Top of Source material

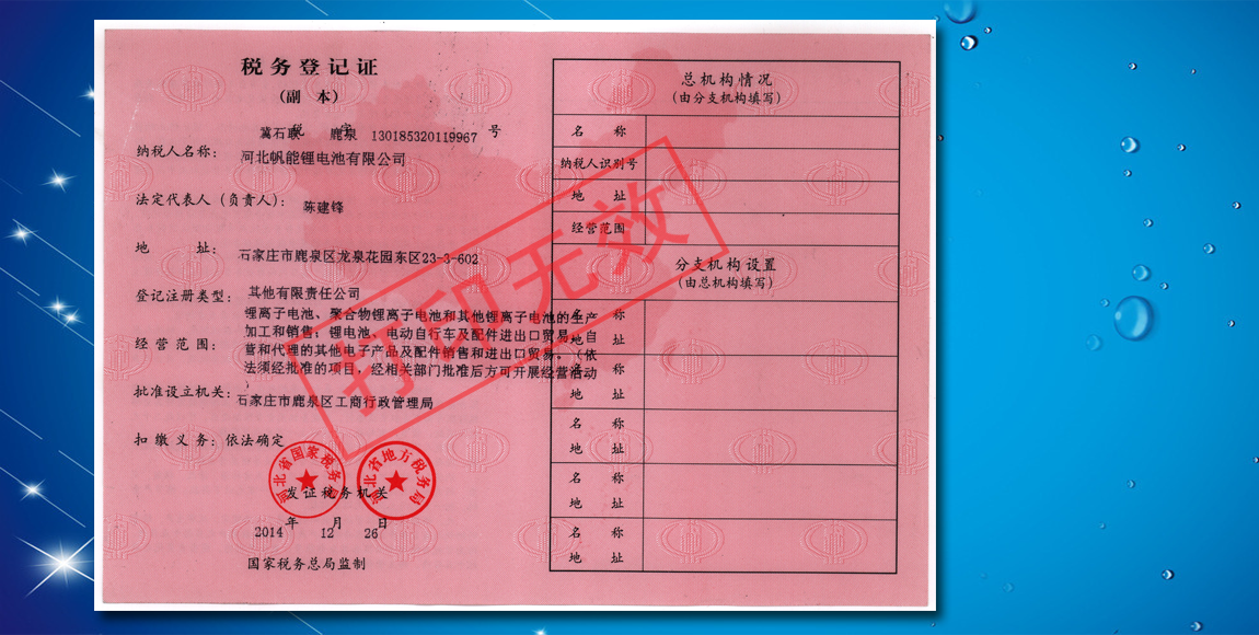 Tax registration certificate
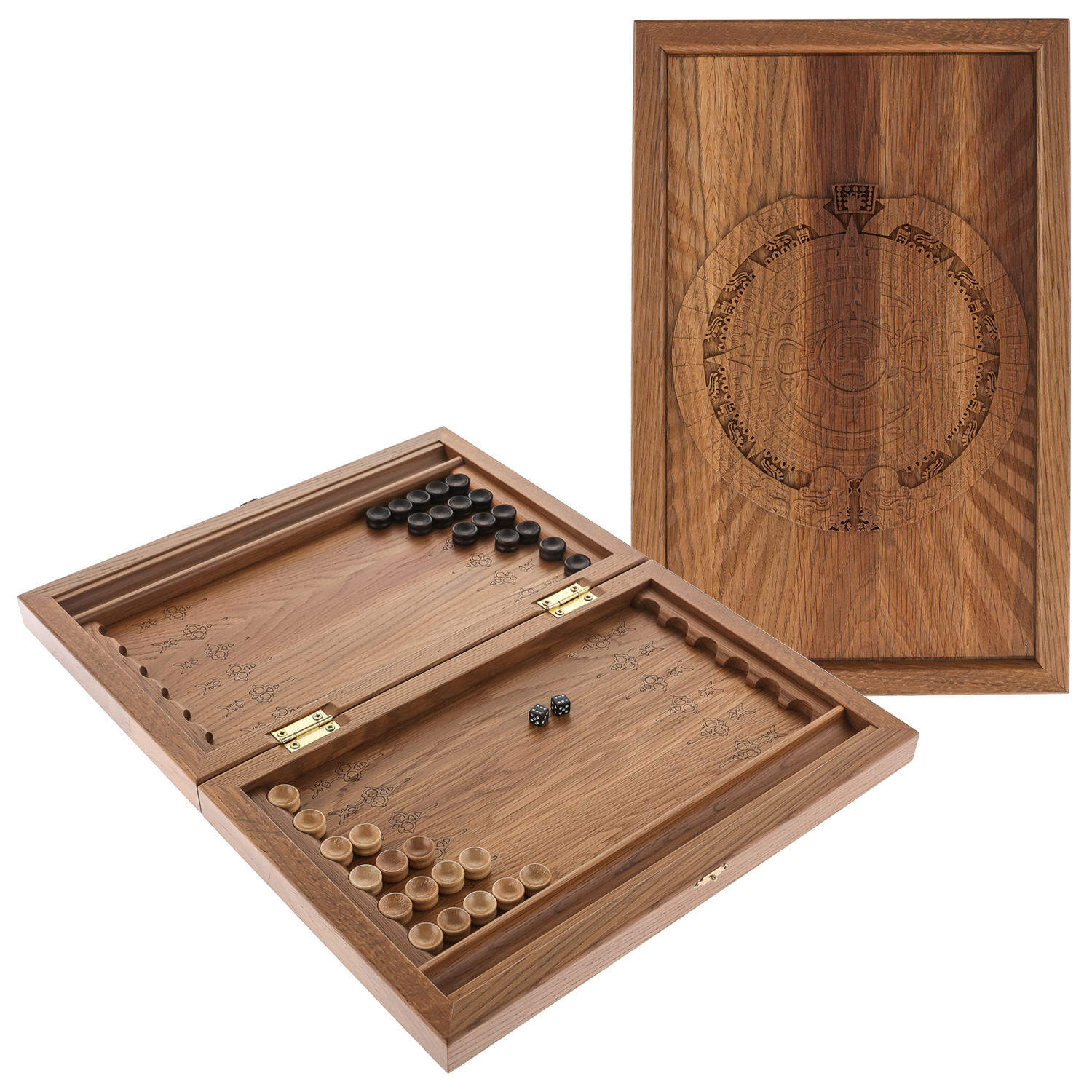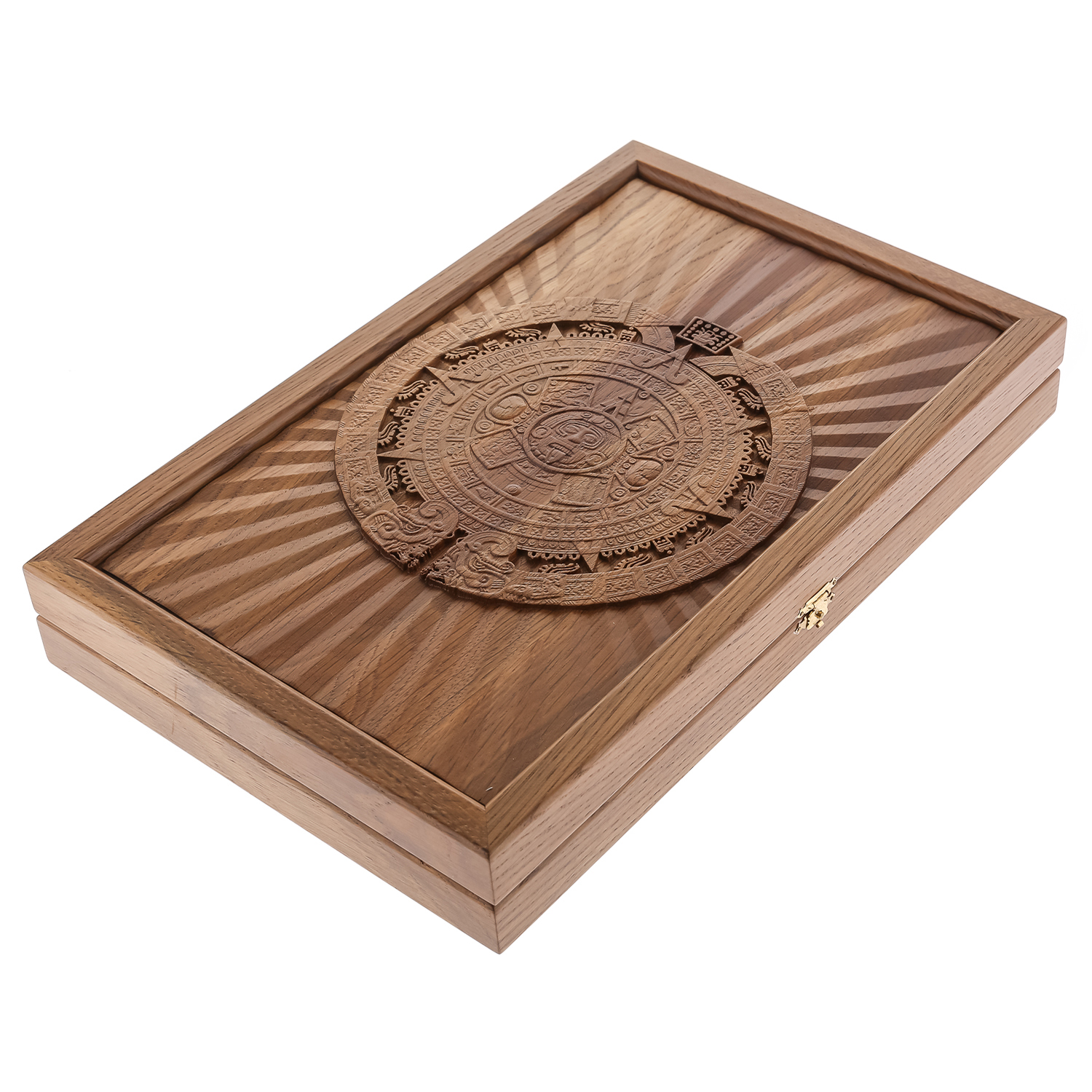 Нарды деревянные "Календарь Майя".Материал: массив черного дуба.
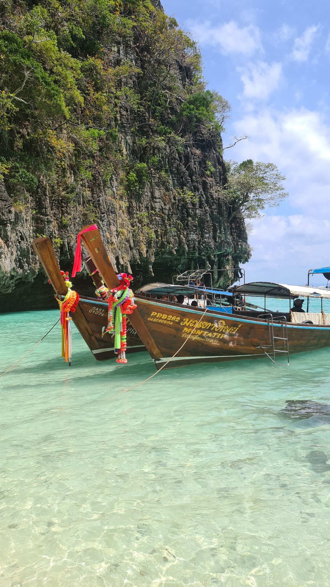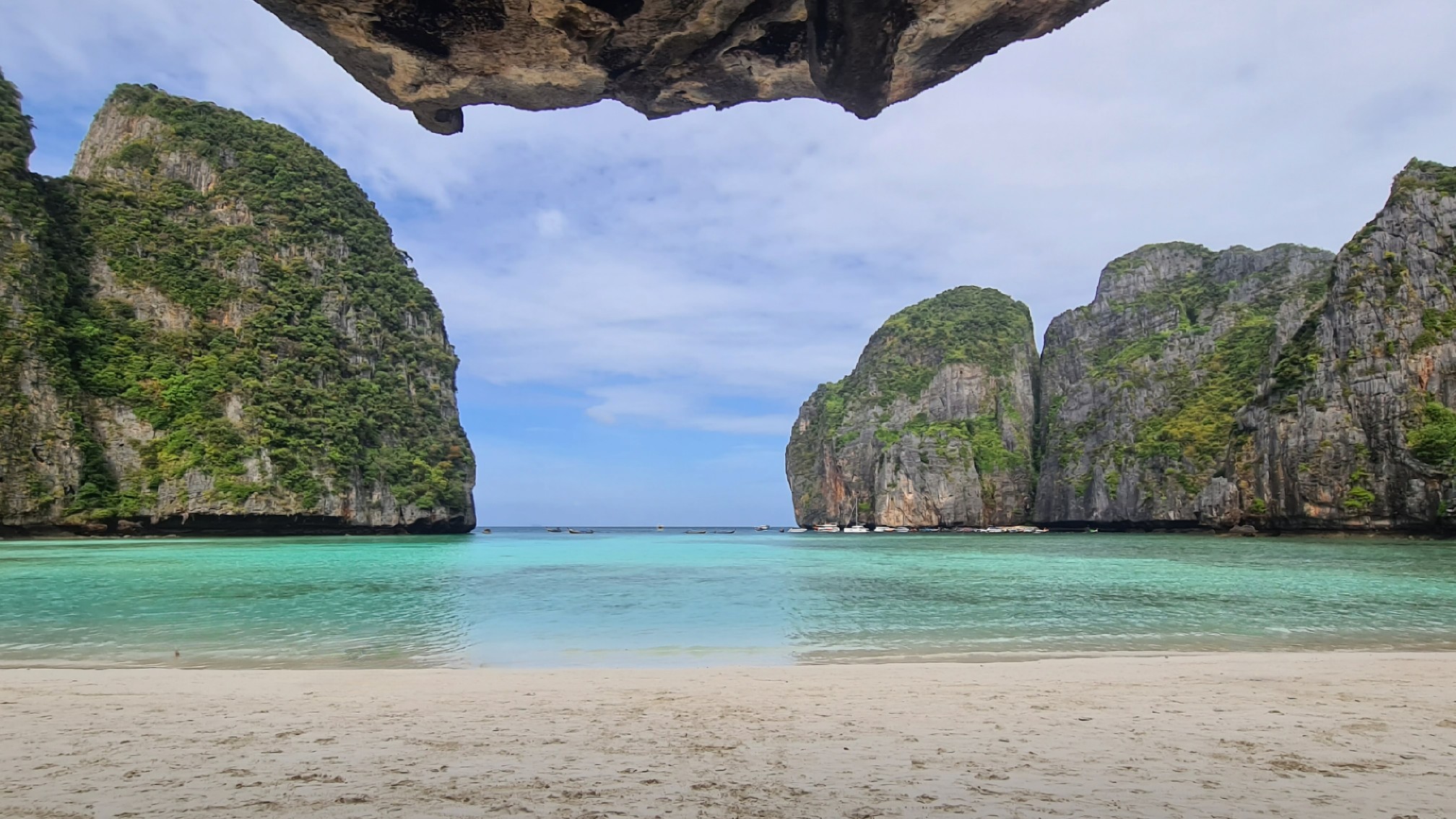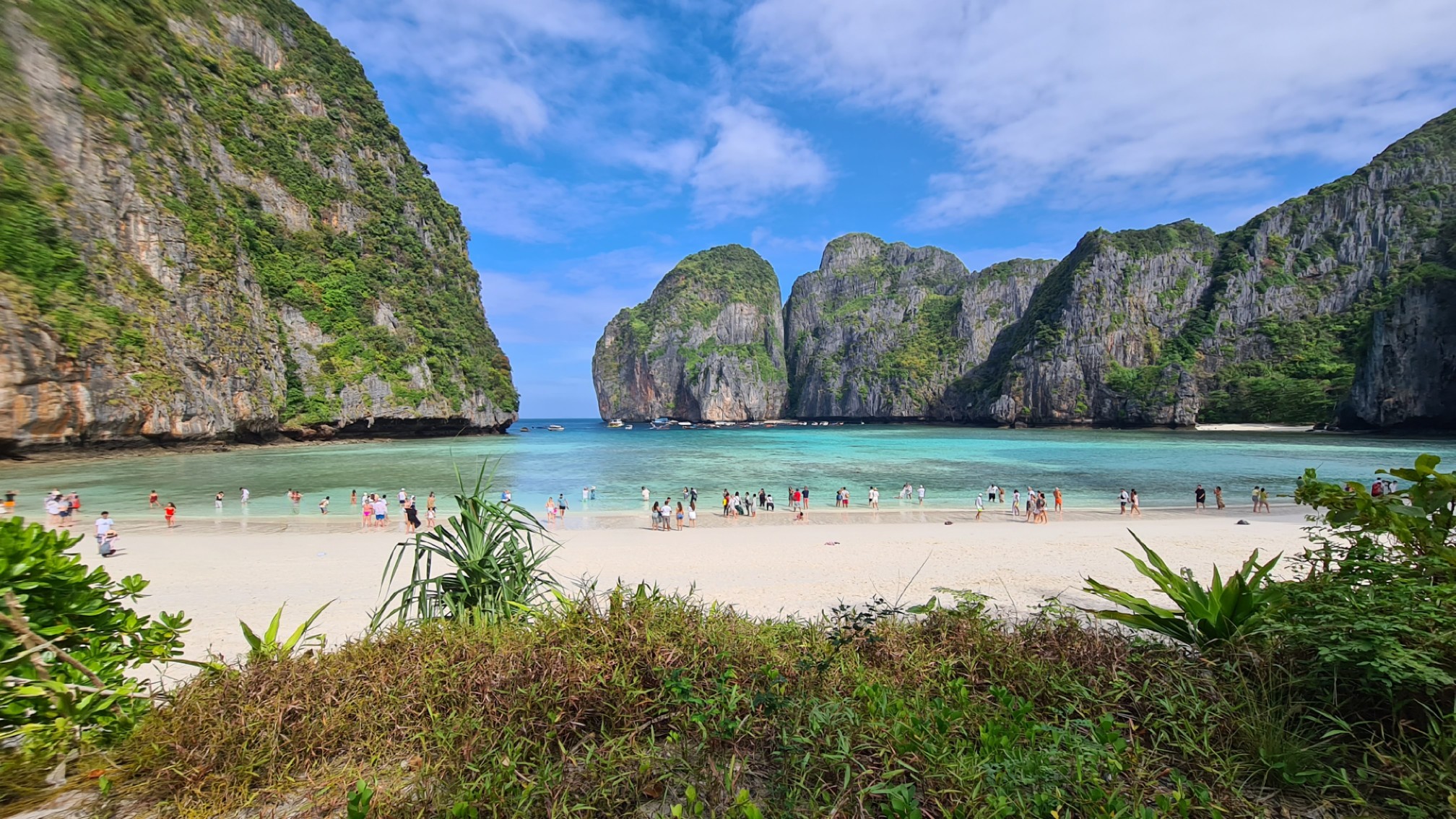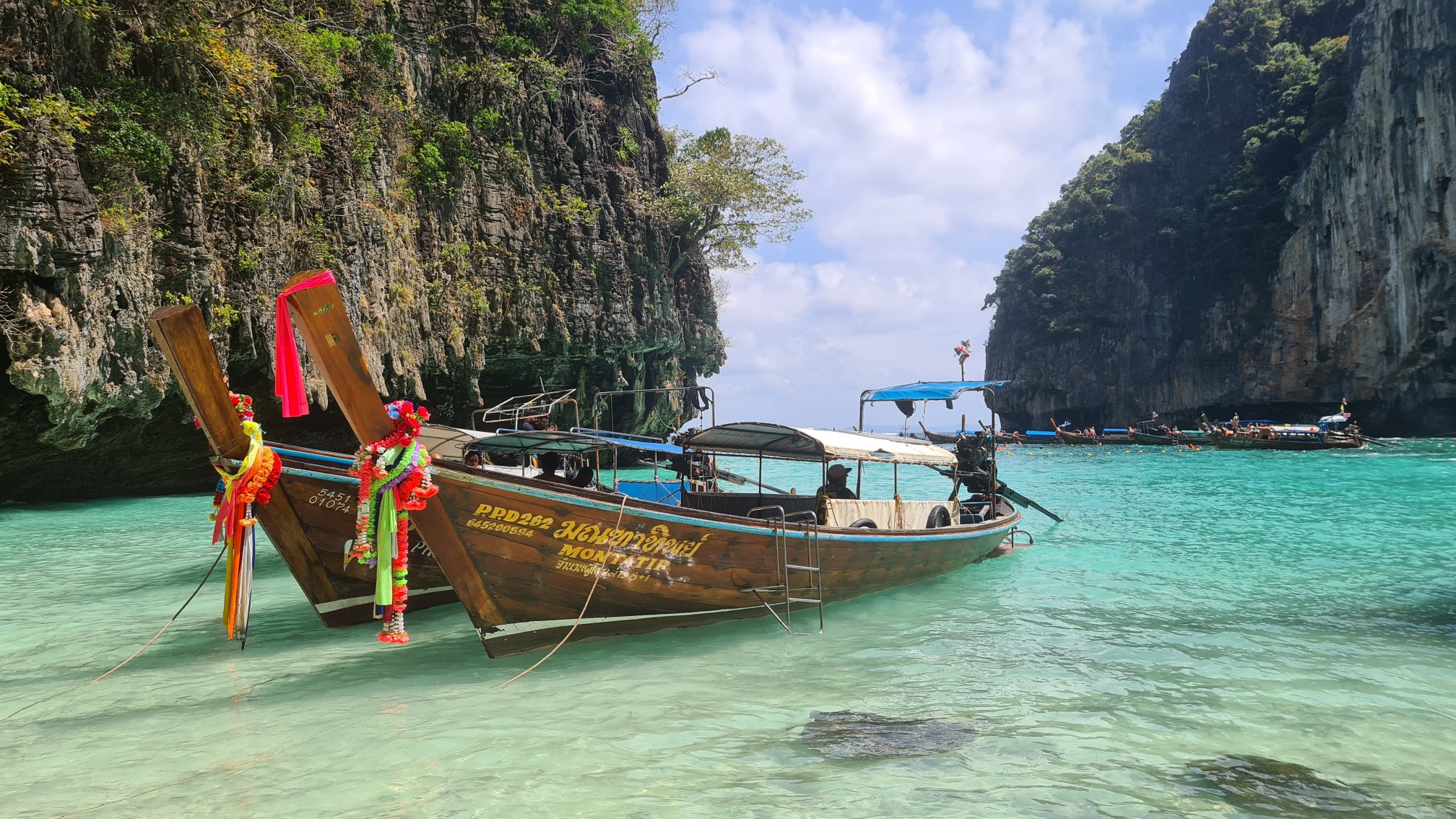 Unser nächstes Ziel ist die weltberühmte Maya Bay. Vermutlich eine von unzähligen traumhaften Buchten weltweit, aber eben ein Besuchermagnet durch den Kinofilm „The Beach“ (2000) mit Leonardo DiCaprio. Die Maya Bay hatte sehr unter dem immensen Ansturm gelitten und wurde deshalb von 2018 bis Ende 2021 für Besucher komplett geschlossen. Eine wunderbare Entscheidung! Die Natur konnte sich erholen, das Wasser ist klar, der puderfeine Sand sauber und auch die Babys der Schwarzspitzenriffhaie tummeln sich wieder im flachen Wasser der schützenden Bucht. Zusätzlich zu den regelmäßigen Ruhephasen für Kho Phi Phi Leh und die Maya Bucht wurde auch ein Befahr- und Schwimmverbot erlassen. Alle Boote müssen an der anderen Seite der Insel anlanden und es wird streng darauf geachtet, dass niemand tiefer als bis zu den Knien ins Wasser geht.

Bottom of Source material

● Description of the task:
Using the material above, set down every line exactly, but skip the pictures.

● Your response:
 Tax registration certificate
 Нарды деревянные "Календарь Майя".Материал: массив черного дуба.
 Unser nächstes Ziel ist die weltberühmte Maya Bay. Vermutlich eine von unzähligen traumhaften Buchten weltweit, aber eben ein Besuchermagnet durch den Kinofilm „The Beach“ (2000) mit Leonardo DiCaprio. Die Maya Bay hatte sehr unter dem immensen Ansturm gelitten und wurde deshalb von 2018 bis Ende 2021 für Besucher komplett geschlossen. Eine wunderbare Entscheidung! Die Natur konnte sich erholen, das Wasser ist klar, der puderfeine Sand sauber und auch die Babys der Schwarzspitzenriffhaie tummeln sich wieder im flachen Wasser der schützenden Bucht. Zusätzlich zu den regelmäßigen Ruhephasen für Kho Phi Phi Leh und die Maya Bucht wurde auch ein Befahr- und Schwimmverbot erlassen. Alle Boote müssen an der anderen Seite der Insel anlanden und es wird streng darauf geachtet, dass niemand tiefer als bis zu den Knien ins Wasser geht.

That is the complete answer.